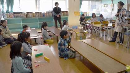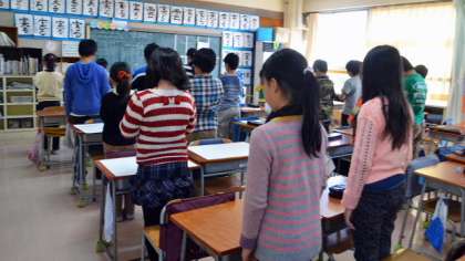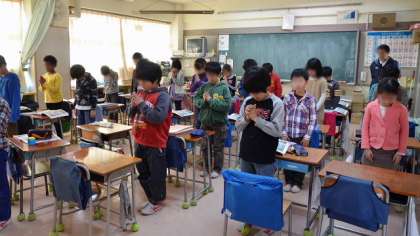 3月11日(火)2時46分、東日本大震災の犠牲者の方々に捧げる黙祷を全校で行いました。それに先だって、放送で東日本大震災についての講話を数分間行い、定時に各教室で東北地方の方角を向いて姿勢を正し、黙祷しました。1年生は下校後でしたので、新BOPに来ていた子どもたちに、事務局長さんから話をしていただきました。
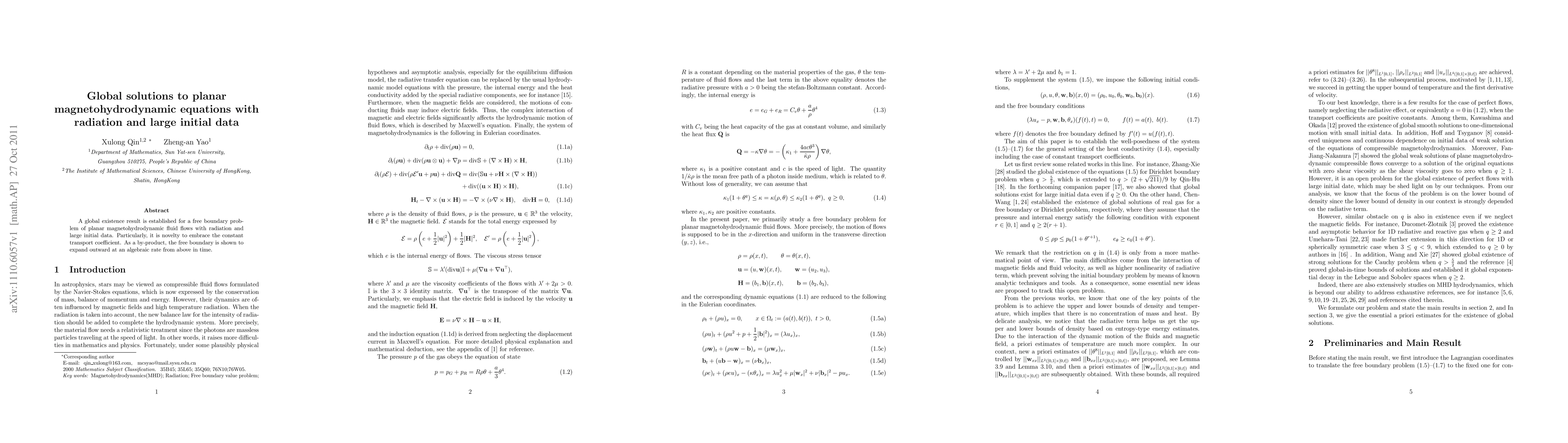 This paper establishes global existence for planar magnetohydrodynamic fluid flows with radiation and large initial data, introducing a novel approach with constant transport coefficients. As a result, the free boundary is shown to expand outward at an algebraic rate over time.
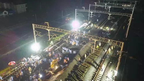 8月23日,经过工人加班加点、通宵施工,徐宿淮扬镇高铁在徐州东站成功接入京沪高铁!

* * *

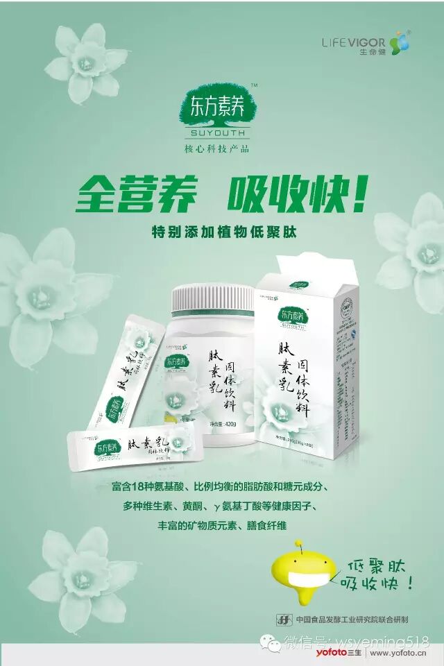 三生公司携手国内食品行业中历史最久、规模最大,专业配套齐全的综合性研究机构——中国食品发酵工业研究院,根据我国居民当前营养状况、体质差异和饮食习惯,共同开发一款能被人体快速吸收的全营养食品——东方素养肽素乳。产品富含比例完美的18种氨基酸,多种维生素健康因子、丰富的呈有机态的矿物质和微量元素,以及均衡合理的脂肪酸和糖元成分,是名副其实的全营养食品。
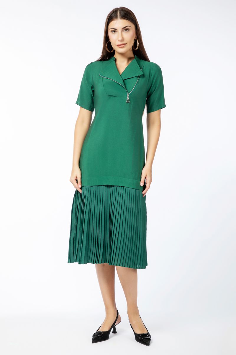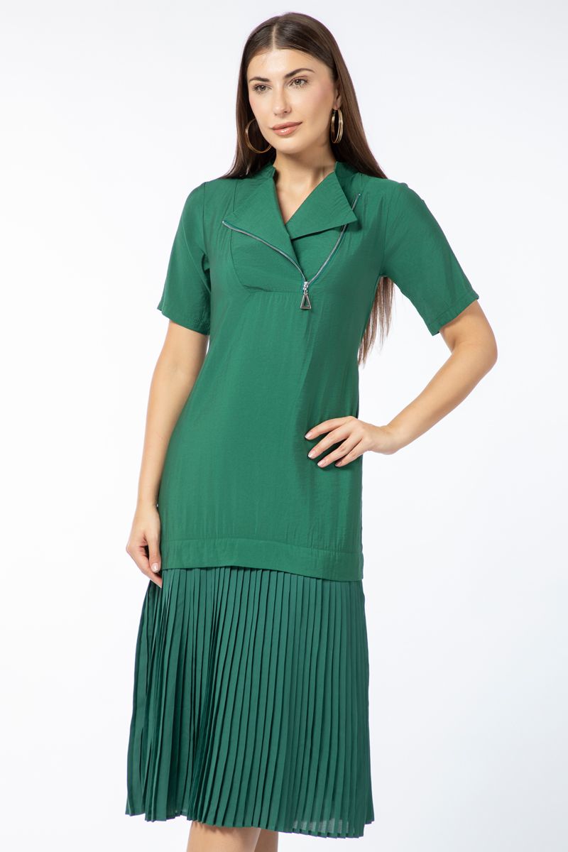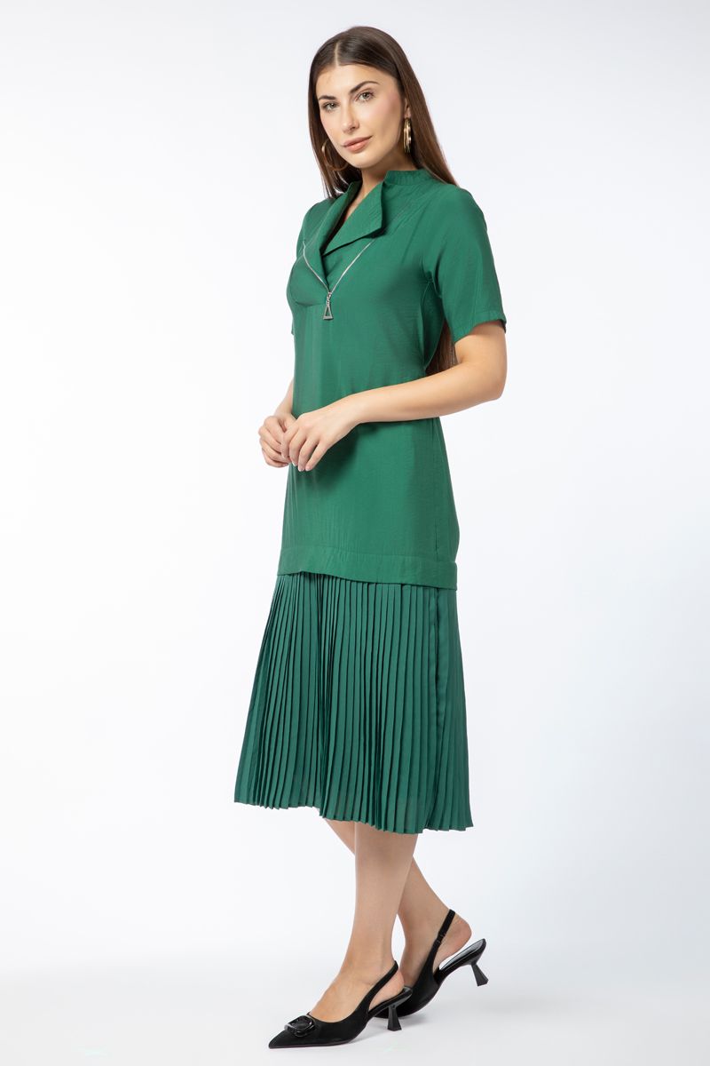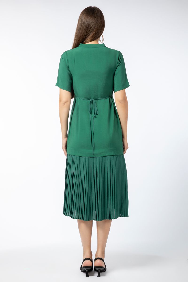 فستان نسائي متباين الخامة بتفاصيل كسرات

* * *

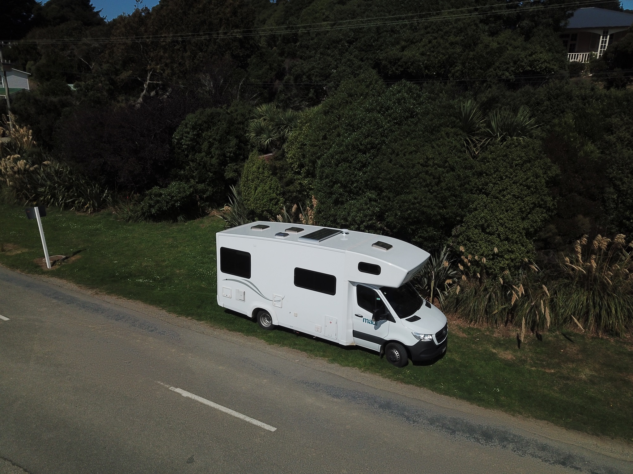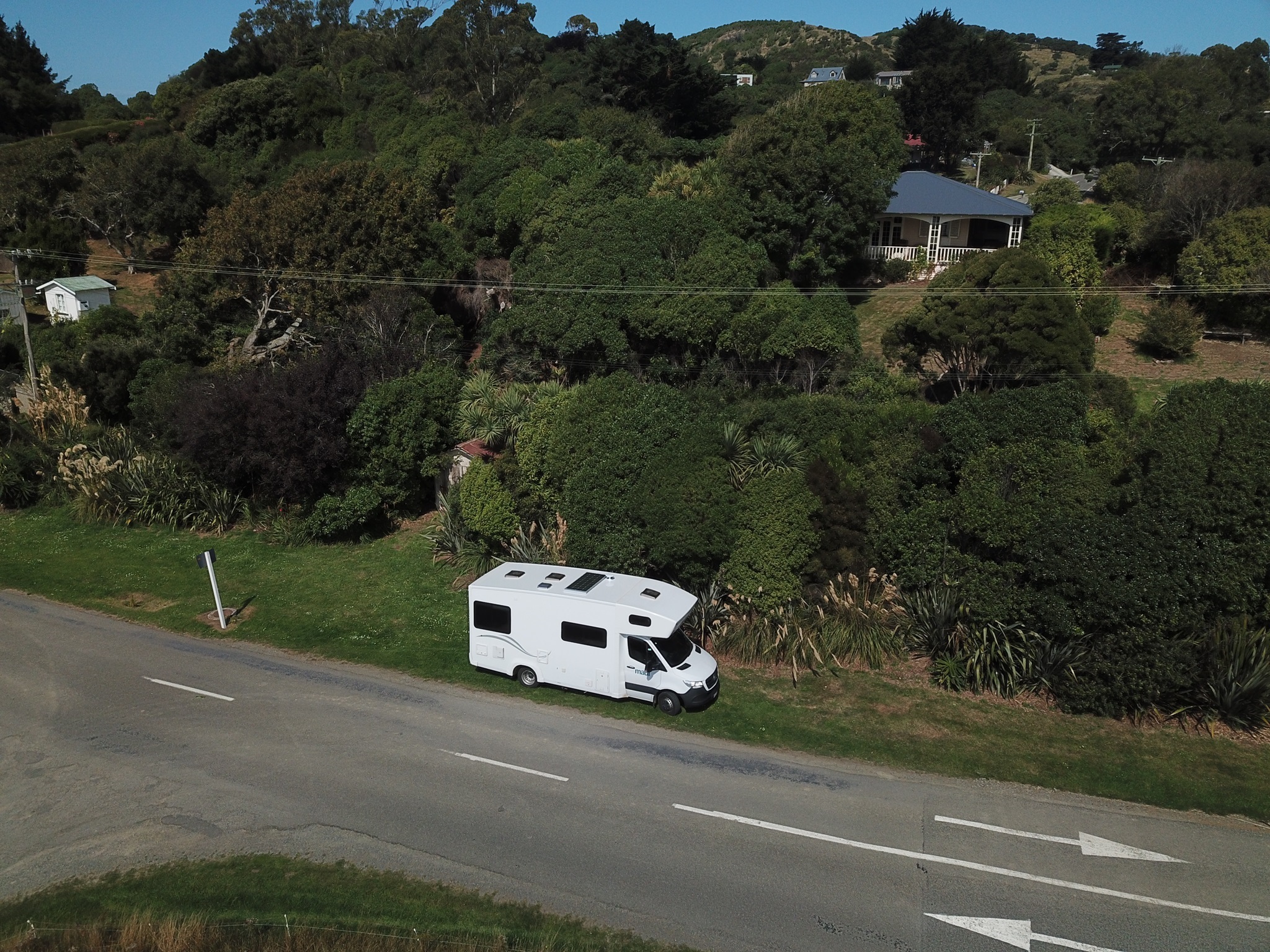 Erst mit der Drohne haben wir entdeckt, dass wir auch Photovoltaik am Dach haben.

◆ REQUIREMENT: Word for word, restate the lines above from the one with "This paper establishes" through the one with "8月23日,经过工人加班加点", keeping both ends and dropping the pictures.

◆ RESPONSE BOX:
 This paper establishes global existence for planar magnetohydrodynamic fluid flows with radiation and large initial data, introducing a novel approach with constant transport coefficients. As a result, the free boundary is shown to expand outward at an algebraic rate over time.
 8月23日,经过工人加班加点、通宵施工,徐宿淮扬镇高铁在徐州东站成功接入京沪高铁!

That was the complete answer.